Judge suspends ‘filter team’ review of disputed electronic data in Vázquez Garced case


The judge held in abeyance a motion for return of property requested by Julio Herrera Velutini and Mark Rossini but ordered the government to file a motion by Nov. 29 stating the filter team protocol currently in place.

By The Star Staff


Federal Judge Raúl Arias Marxuach granted on Tuesday a request from Julio Herrera Velutini and Mark Rossini, who were accused along with former Gov. Wanda Vázquez Garced in a corruption scheme, to stop federal prosecutors from using a “filter team” to review attorney-client and work product privileged electronic data obtained through search warrants.


“The filter team shall discontinue review of the electronically stored information at issue here until the Court rules on this motion,” the ruling said.


The judge held in abeyance a motion for return of property requested by Herrera Velutini and Rossini but ordered the government to file a motion by Nov. 29 stating the filter team protocol currently in place and whether any of the filter team’s members are employed by the U.S. Attorney’s Office for the District of Puerto Rico.


The lawyers for Herrera Velutini and Rossini had argued that the government only within the last several weeks advised them that it had been in possession of their privileged data (attorney-client and work product) for well over two years and only now within the last month commenced a “filter team” review of the electronic data.


“The volume of this data could reasonably dwarf the size of the discovery produced to date, as it contains seized data from approximately 32 electronic accounts and devices. It is not only surprising but profoundly concerning that this electronic data was not subjected to any filter team review prior to the indictment being returned in this matter,” the lawyers said. “Given the volume and nature of the data, it is reasonably certain that it contains Brady [materially exculpatory evidence] which should have been evaluated and considered as to whether charges were even warranted in the first place.”

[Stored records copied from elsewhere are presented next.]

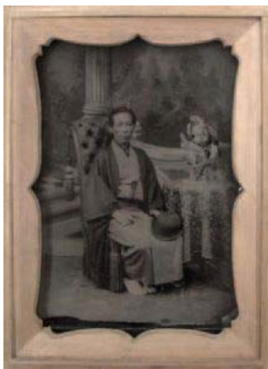
江崎禮二 《松村由章像》 1886年 アンプロタイプ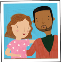
die Mama der Papa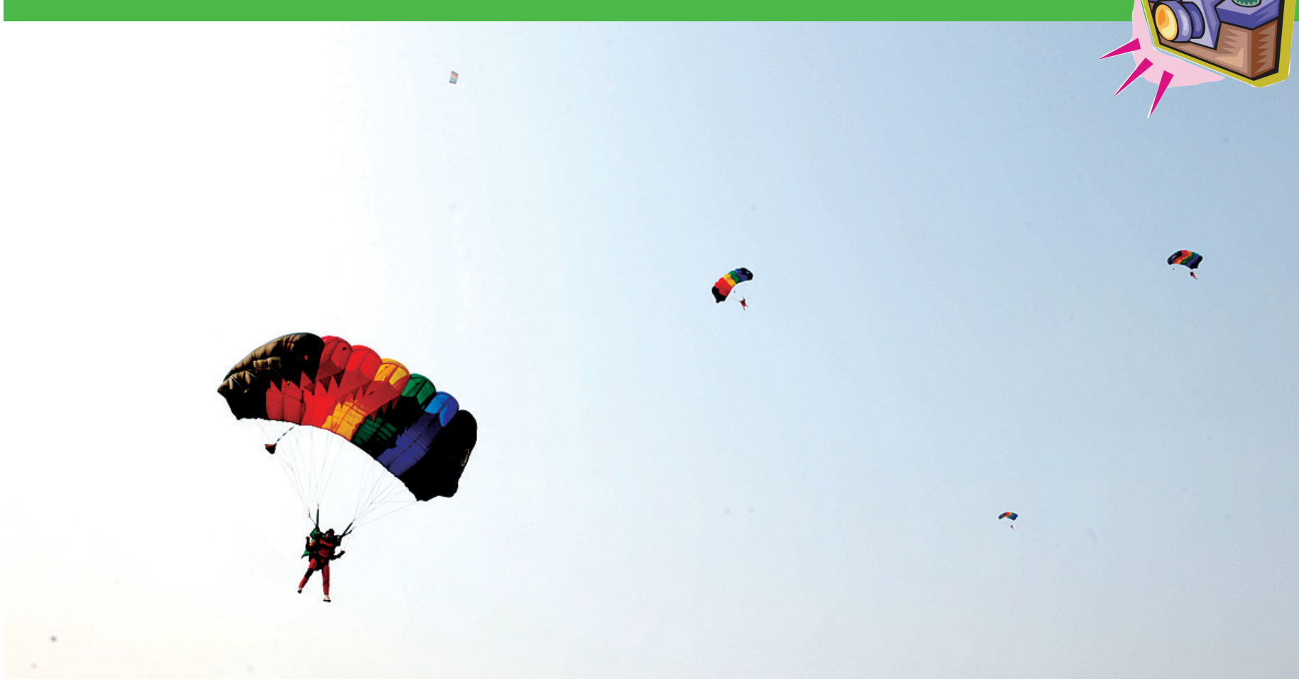
纵身一跃,融入在蓝天白云之中。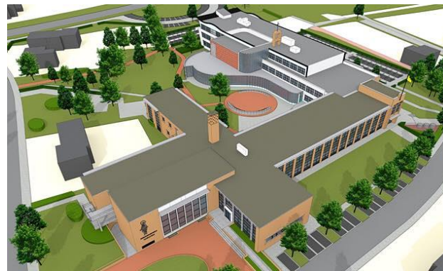
Groenkracht Groenlo Marianum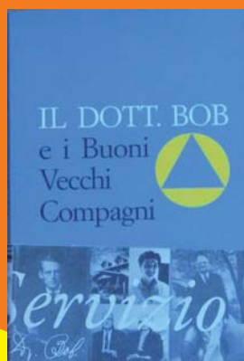
"Il Dott. BOB e i Buoni Vecchi Compagni" € 11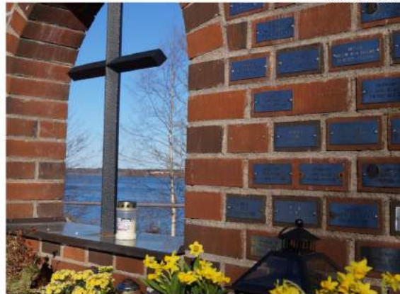
Meillä on tie ylös, kun aikamme koittaa - siinä on pääsiäisen suuri sanoma.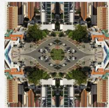
Karine Gallas Fortaleza caleidoscópica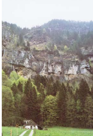
Tratto tra Bannalp e Fellboden con la condotta forzata esistente

Per il progetto e la realizzazione si è dimostrata ottimale la soluzione con pozzo inclinato diretto tra il lago di Bannalp e Fellboden con condotta appoggiata su sellette. Il pozzo inclinato è stato scavato con una fresa speciale (TBM) per pozzi inclinati di \varnothing 3.00 \text{ m} , successivamente sono stati montati elementi in beton prefabbricati per il sostegno della condotta ed infine è stata montata la condotta in acciaio. Per il montaggio e la manutenzione la condotta è affiancata da un elevatore inclinato che collega Oberrickenbach al lago di Bannalp.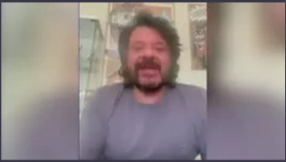
▶ Lillo lancia Music@Mens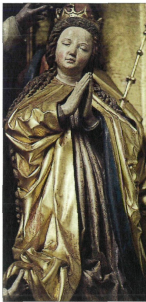
Ein Hauptwerk Michael Pachers: Maria aus dem Schrein des ehemaligen Hochaltars der Alten Pfarrkirche von Gries bei Bozen, 1471/75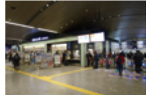
難波駅 3階北改札口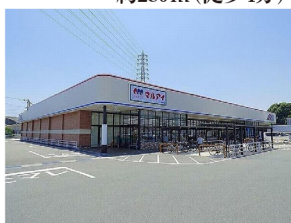
■マルアイ米田店 ……約640m(徒歩8分)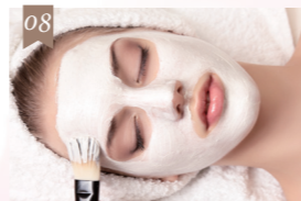
肌別でパックチョイス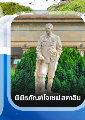
พิพิธภัณฑ์โจเซฟ สตาลิน

คอนเฟิร์มออกเดินทาง ทุกพีเรียด 2 ท่านขึ้นไป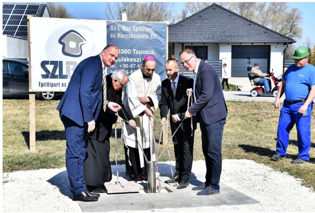
Az építő, a lelki igazgató, az érsek, az igazgató és az állam képviselője helyezte el az alapkövet

■ Újabb jelentős beruházás alapkövetétele történt március 23-án Tósokberénden. A Tálás utca és a Gergőföldi utca kereszteződésében lévő szabad területre óvodát építenek, a Veszprémi Érsekség és a kormányzat szerencsés találkozásával.

The materials were seized as a result of search warrants directed to Herrera Velutini’s and Rossini’s email accounts and iCloud backup of their phones. In the case of the email accounts and iCloud backups, the warrants were issued to third party electronic communications providers and thus, Herrera Velutini and Rossini did not receive any information.

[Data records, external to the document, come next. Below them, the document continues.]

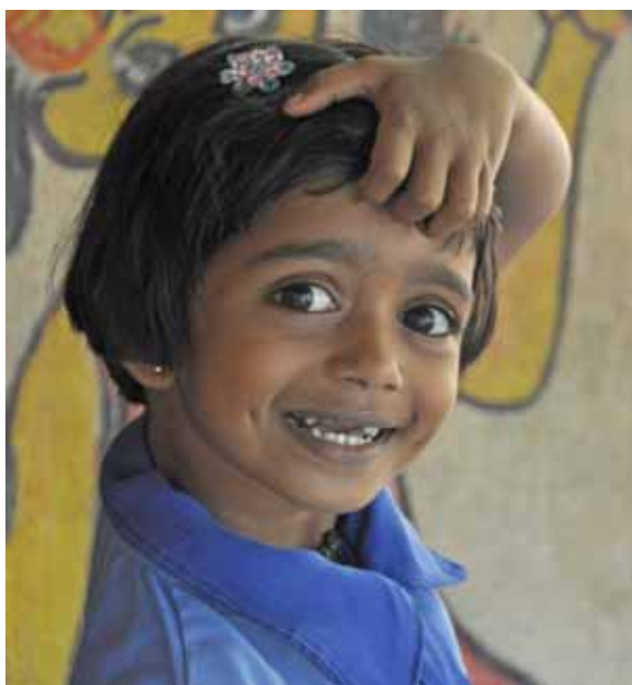
Förskolelev från Wilpotha

V i tror på att alla barn och unga har samma rättigheter och lika värde.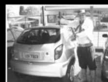
celta 2009, ar e direção, R$ 28.500,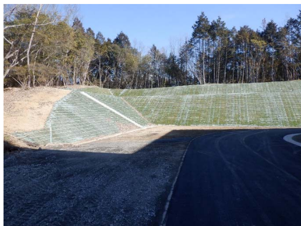
防災工事施工事例 (令和4年度大井第二小学校)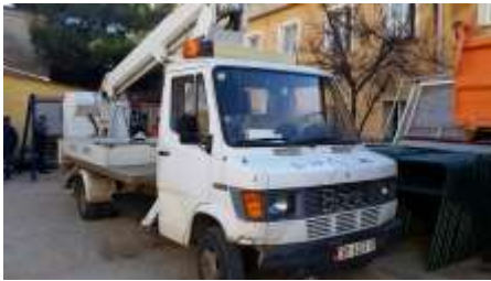
APV Mercedes benz tip kosh 408D me targa AB367HA viti 1991 shasia WD86113181P152749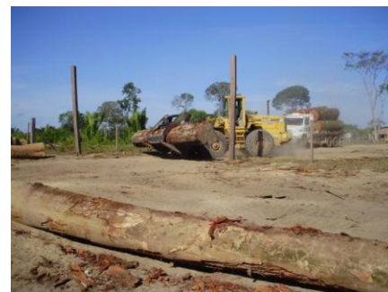
Maquinário da madeireira Krombauer em plena ação na reserva extrativista do mocambo do Pacoval . Para o município de Alenquer só ficam os problemas e nenhum benefício.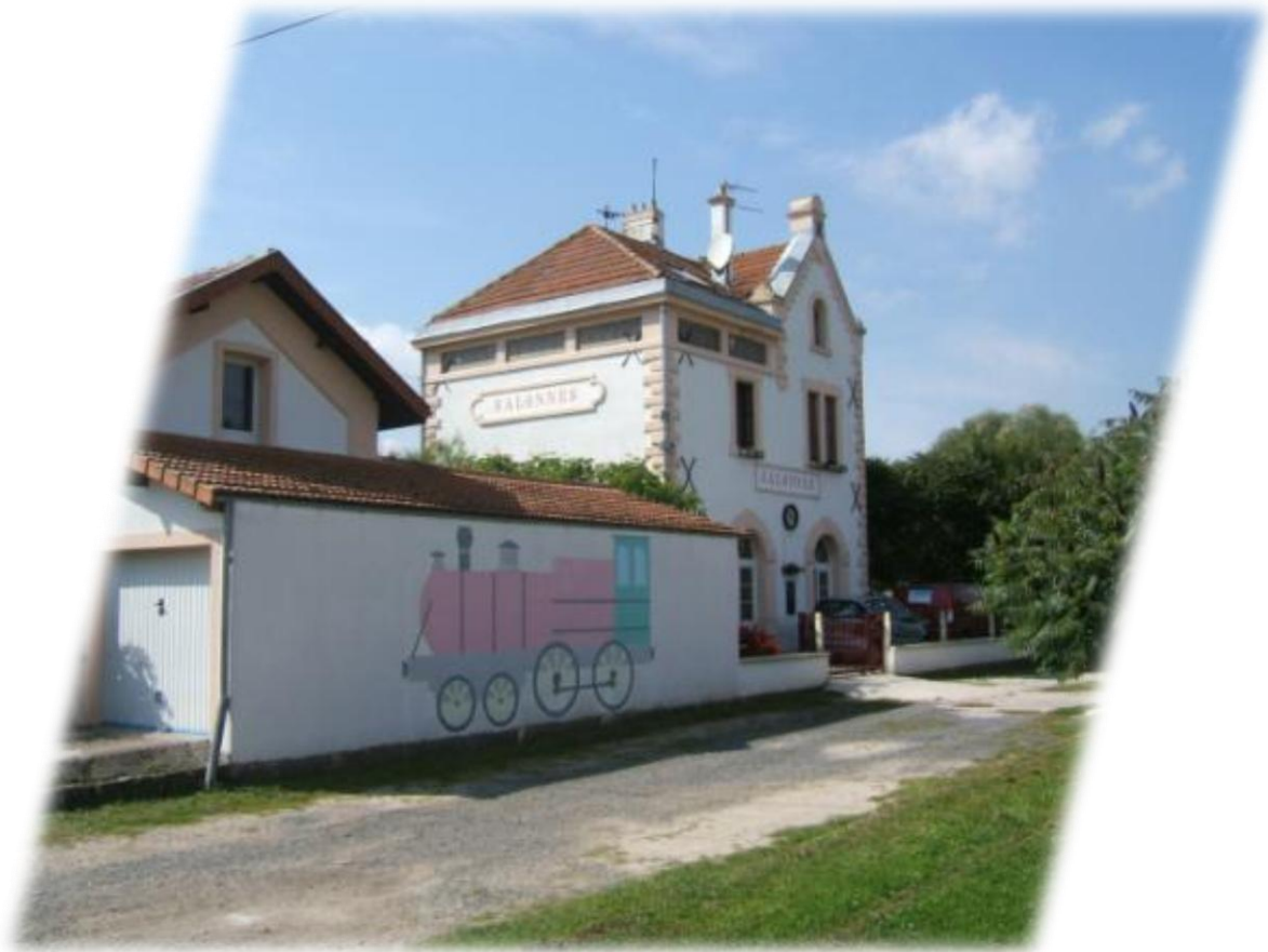
Het vroegere treinstationnetje heeft nog niets aan charme ingebonden

“Herrera Velutini and Rossini reserve the right to challenge the search warrants for overbreadth or on other grounds,” the lawyers said. “The government’s untimely, lengthy, continuing, and arguably indiscriminate review of seized electronic materials, including those containing privileged information, is likely unreasonable under the circumstances.”

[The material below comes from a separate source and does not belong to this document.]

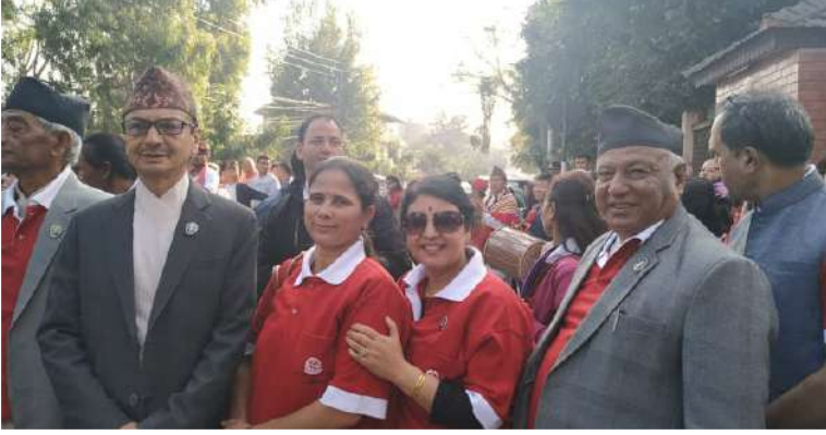
प्रभातफेरिमा सहभागी हुँदै प्रज्ञा-प्रतिष्ठानका पदाधिकारीहरू ।

काठमाडौं । संस्कृति, पर्यटन तथा नागरिक उड्डयन मन्त्रालयको आयोजनामा अमूर्त सांस्कृतिक सम्पदा दिवस अक्टुबर १७ भव्य रूपमा मनाइएको छ । उक्त अवसरमा प्रभातफेरि कार्यक्रम समेत आयोजना गरियो । संस्कृति, पर्यटन तथा नागरिक उड्डयन मन्त्री योगेश भट्टराईसमेत सम्मिलित प्रभातफेरिमा नेपाल सङ्गीत तथा नाट्य प्रज्ञा-प्रतिष्ठान, नेपाल ललितकला प्रज्ञा-प्रतिष्ठान, सांस्कृतिक संस्थान लगायत मन्त्रालय सम्बद्ध सङ्घसंस्थाका पदाधिकारी, संस्कृतिकर्मी र कर्मचारीहरूको सहभागिता रहेको थियो । विभिन्न सांस्कृतिक भाँकी सहितको उक्त प्रभातफेरि बिहान ८ बजे नेपाल पर्यटन बोर्ड भृकुटीमण्डपबाट सुरु भई भद्रकाली, सहिदगेट, रत्नपार्क हुँदै जमलस्थित राष्ट्रिय नाचघरमा पुगेर औपचारिक समारोहमा परिणत भएको थियो ।

The government, they said, was well aware and on notice from the very outset of its investigation that it would encounter a significant volume of privileged materials, since the defendants in this case are Vázquez Garced, an attorney and former Puerto Rico governor, Herrera Velutini, an officer with multiple corporations, including banking entities in Puerto Rico and Europe, and Rossini, a former FBI agent who later worked as a consultant and who, according to many witness statements, provided in the discovery employed various law firms for legal advice and guidance.


“The very subject matter of the criminal investigation, which is highlighted over and over again in the indictment, involved regulatory audits of a financial institution in which attorneys on behalf of Mr. Herrera Velutini and his corporations were engaged in regular and ongoing, sometimes daily, discussions with a government regulator – a regulator which in fact worked at the direction of government investigators while it was directly interacting with Mr. Herrera Velutini’s legal counsel over the terms of the ongoing regulatory audits,” the lawyers said.


In spite of this, the government chose to indiscriminately seize the defendants’ email accounts and phones without judicially reviewed and authorized taint procedures incorporated into the warrants, they said.


“Only after Mr. Rossini’s and Mr. Herrera Velutini’s indictments and after the production of a portion of the discovery, the government suddenly revealed that it is in possession of privileged material,” the lawyers said.